Growing up with Julia

She turns one year old today, a child who first saw light as the Filipino nation began one of its darkest moments – the impeachment of a sitting president.  I constantly thought of her during those days when everything seemed uncertain, when the routines of our lives were replaced by the swirl of daily demonstrations.  I would plant a kiss on her forehead each time I set off for a protest march, whispering this was for her.

Politics suddenly acquired a meaning for me that I had not previously known.  I stopped observing and became a fully-engaged participant. I was fighting for a world in which my granddaughter and everyone else of her generation could have a future.  That shift in perception has made all the difference.  I shed off my intellectual pessimism and learned to hope again.  Ralph Waldo Emerson was right: “Nature does not like to be observed, and likes that we should be her fools and playmates.”

Julia has grown, and so have we changed.  A few weeks after she was born, we booted out a president who failed the nation and welcomed a successor who promised the world.

New faces, old mind-set.  It didn’t take long before our hopes would be dashed by the realities of political life.  We should have known better than to think that whenever we needed them, we would be blessed with heroes who could rise to a vision rather than politicians forever lusting after power.

I can’t say the country is better today.  But we are hopefully wiser; we demand more from our leaders.  We also expect more from ourselves.  We do not hesitate to act on our dreams.  “Dream delivers us to dream, and there is no end to illusion,” says Emerson.  “Life is a train of moods, like a string of beads, and, as we pass through them, they prove to be many-colored lenses which paint the world their own hue, and each shows only what lies in its focus.  From the mountain you see the mountain.  We animate what we can, and we see only what we animate.”

These days, when I am with Julia, I see the world mostly through non-political lenses.  I sit by the pond with her, watching the lotus flowers open and close through many daybreaks and sunsets.  The color I see is not the color of political strife but the serenest pink of radiant lotuses. She has sharp eyes and she points to me the tiny snails feeding upon the leaves that float on the surface of the pond. Momentarily, she hears the chirping of the pipit, looks up and scans the branches of the mango tree.  Then her tiny finger goes up and calls my attention to her discovery.  Nature indeed belongs to the eyes that see them.

I come home for lunch everyday so I would catch her just before she takes her afternoon nap.  She waits until I am finished and then, as she sits on my lap, with knowing eyes she begins a game that has become a ritual for both of us.  She dips a hand into my drinking glass to feel the residual frost of the melting ice.  Her eyes grow big as she ponders the sensation of icy heat.  When she is done, she warms her fingers on my face, and I return the benediction by sprinkling her eyes with the remaining water.

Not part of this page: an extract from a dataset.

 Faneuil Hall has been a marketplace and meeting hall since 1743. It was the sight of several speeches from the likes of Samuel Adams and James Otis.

She started to walk at 11 months.  One day, she pulled herself up from a squatting position, steadied her legs, and carefully centered her body.  Then, with a smile in her eyes, she took her first steps and plunged into her mother’s arms.  She knew at once that she had achieved something.  She repeated the same feat several times, rushing her stride as she came near a pair of waiting hands.  Trust, I realized, is the first thing a human being calls upon as she makes her way into the world on her own feet.

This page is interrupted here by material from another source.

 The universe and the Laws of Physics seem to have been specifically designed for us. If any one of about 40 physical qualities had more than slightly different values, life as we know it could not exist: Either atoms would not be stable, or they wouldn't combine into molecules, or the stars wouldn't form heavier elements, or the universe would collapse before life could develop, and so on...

I know I have changed as much as my granddaughter has grown during this past year.  Like her, I am slowly overcoming the fears that have crept into my life over the years.  In July, I reclaimed a youthful passion that I had given up when my children were growing up – motorcycling.  I welcomed the opening of the expressways to big bikes, and celebrated the event by selling my car and getting myself the same motorcycle I had known as a young man, a Ducati.  The Monster S-4 is a very fast high-performance bike, but I am not a speed freak.  I love going on quiet solitary rides that take me to the mountains where I can watch birds.  But most of all, I like the sensation of the synergy between the human body locked in its own survival habits and a smart machine bent on its own logic.  Riding a bike is to me what walking is to Julia, a conquest of fear and an exercise in self-knowledge.

My friends say I have the most incongruous life.  I visit bird sanctuaries in Mt. Makiling and Bataan on a racing motorcycle.  I devour motorcycle magazines as much as I enjoy reading good books in philosophy.  On most afternoons, I would walk little Julia in her stroller around the UP campus where we live, and later in the evening, I would slip into my padded jacket and take my Ducati for a spin.  These events are the circles of my life; I do not apologize or offer any justification for any of them.

I take to heart what Emerson says of life:  “Our life is an apprenticeship to the truth that around every circle another can be drawn; that there is no end in nature, but every end is a beginning; that there is always another dawn risen on mid-noon, and under every deep a lower deep opens.”